Canada

Cina all’attacco,
il Canada impotente

TORONTO – Doveva arrivare ieri il verdetto per Michael Spavor arrestato in Cina, come Michael Kovrig, nel dicembre del 2018. I due cittadini canadesi sono stati fermati, secondo le autorità cinesi, per aver messo in pericolo la sicurezza nazionale, un’accusa generica dietro a cui molti – o meglio quasi tutti – hanno visto una ritorsione di Pechino per l’arresto da parte del Canada di Meng Wanzhou, principessa ereditaria dell’impero tecnologico Huawei. Un fermo, questo, avvenuto per volere degli Stati Uniti, dove è ricercata con l’accusa di aver tentato di eludere le sanzioni statunitensi contro l’Iran.

Da allora, di acqua sotto i ponti ne è passata, ma i due cittadini canadesi continuano a rimanere nelle celle delle prigioni cinesi nonostante appelli sporadici vengano fatti per la loro liberazione. La detenzione dei due Michael è stata definita dal primo ministro del Canada Justin Trudeau“completamente inaccettabile”, “deludente” e liberarli sarebbe “una priorità”. Tante belle parole. Così come belle parole sono state quelle proferite, nel recentissimo colloquio telefonico del 1º agosto, da Trudeau e dal presidente degli Stati Uniti Joe Biden. “I leader hanno chiesto il rilascio immediato di Michael Kovrig e Michael Spavor” ma una domanda sorge spontanea: in una conversazione tra di loro a chi avrebbero chiesto il rilascio immediato?

Nel giugno del 2020 Trudeau ha opposto un fermo rifiuto alle pressioni esercitate sul governo per uno scambio di prigionieri – Meng da un lato, Kovrig e Spavor dall’altro – dicendo che accettare avrebbe potuto mettere altri canadesi a rischio di arresti arbitrari.

E neppure Biden – che avrebbe potuto risolvere la situazione che era originata sotto la presidenza del suo precedessore Donald Trump – ha preso il toro per le corna facendo rilasciare la Whanzhou.

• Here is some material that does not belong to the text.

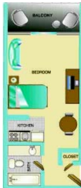
Oceanfront Style C Corner unit layout, pre-renovation.

NOTE: Double/Double and King illustrations are an artist depiction of a future renovated Landmark Phase II typical unit, post renovation. They are not to scale and are not intended to be specifically accurate. The developer reserves the right in its sole discretion to make changes or modifications to plans, specifications, materials, features and colors without notice.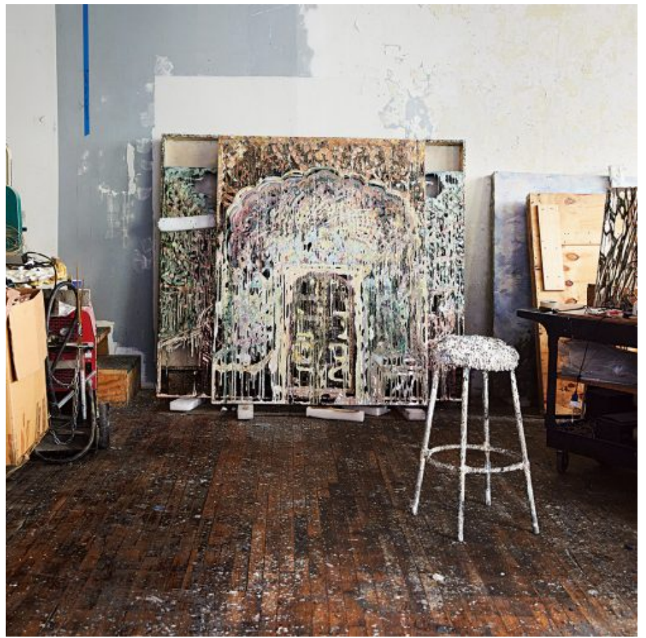
( https://galeriemagazine.com/diana-al-hadid-studio-tour/ )

The Ultimate Guide to Culture, Art, and More in Washington, D.C. ( https://galeriemagazine.com/dc-art-guide/ )

Bastava solo questo per poter far respirare nuovamente la libertà a Kovrig, ex diplomatico che lavorava per una Ong che si chiama International Crisis Group e Spavor, titolare invece di una serie di attività imprenditoriali in Corea del Nord: entrambi sono accusati di spionaggio.

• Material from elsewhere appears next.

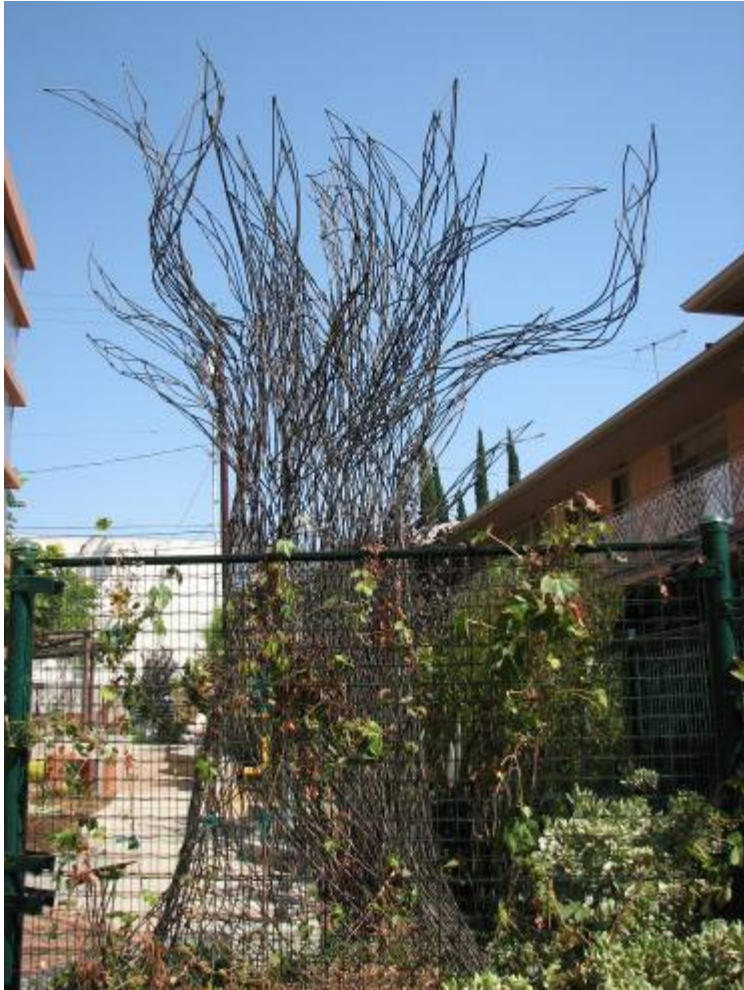
Tree Form – Karl Saliter (2009)

E quindi processi lampo e spesso segreti, vendette, ricatti, arresti incrociati, sentenze emesse in tempi a dir poco sospetti e accuse di “diplomazia degli ostaggi”. Non è un caso che “Lady Huawei”, dai suoi domiciliari dorati in Canada stia provando in questi giorni in tutti i modi assieme ai suoi avvocati ad evitare l’estradizione negli Stati Uniti. Il tempismo, a questo punto, non sorprende affatto. E che di rappresaglia si tratti, è anche un fatto scontato.

Il braccio di ferro, quindi, continua. Nel mezzo ci sono vite umane, ma poco importa. Per non dire di un altro canadese, Robert Schellenberg, al quale proprio ieri è stata confermata dal tribunale di Liaoning la condanna a morte. Nel gennaio del 2019 Schellenberg, era stato condannato a 15 anni di reclusione per traffico di droga, ma improvvisamente si è visto commutare la sentenza in pena capitale

Che dall’arresto di Meng, Canada e Cina stiano vivendo una profonda e complessa crisi diplomatica non è un segreto. Il primo ministro Trudeau non sembra però aver saputo affrontare la situazione e viene accusato di “debolezza”.

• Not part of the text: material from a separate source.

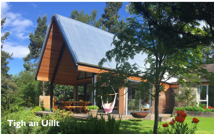
Tigh an Uillt

The overall winner was a new build property – Strathdon House – by Brown + Brown Architects. The judges favoured Strathdon House because of its compelling, simple design. They also described the overall runner-up, an extension to the residential property Tigh an Uillt, as a ‘lovingly created elegant space’.

Intanto la triste realtà è che un canadese è stato condannato a morte per traffico di droga. Altri due canadesi – un ex diplomatico e un imprenditore – sono sospettati di spionaggio. Una ereditiera cinese sta lottando contro l’estradizione da Vancouver negli Stati Uniti. Mentre chi dovrebbe far sentire la propria voce e mettere la parola fine a queste vicende tace.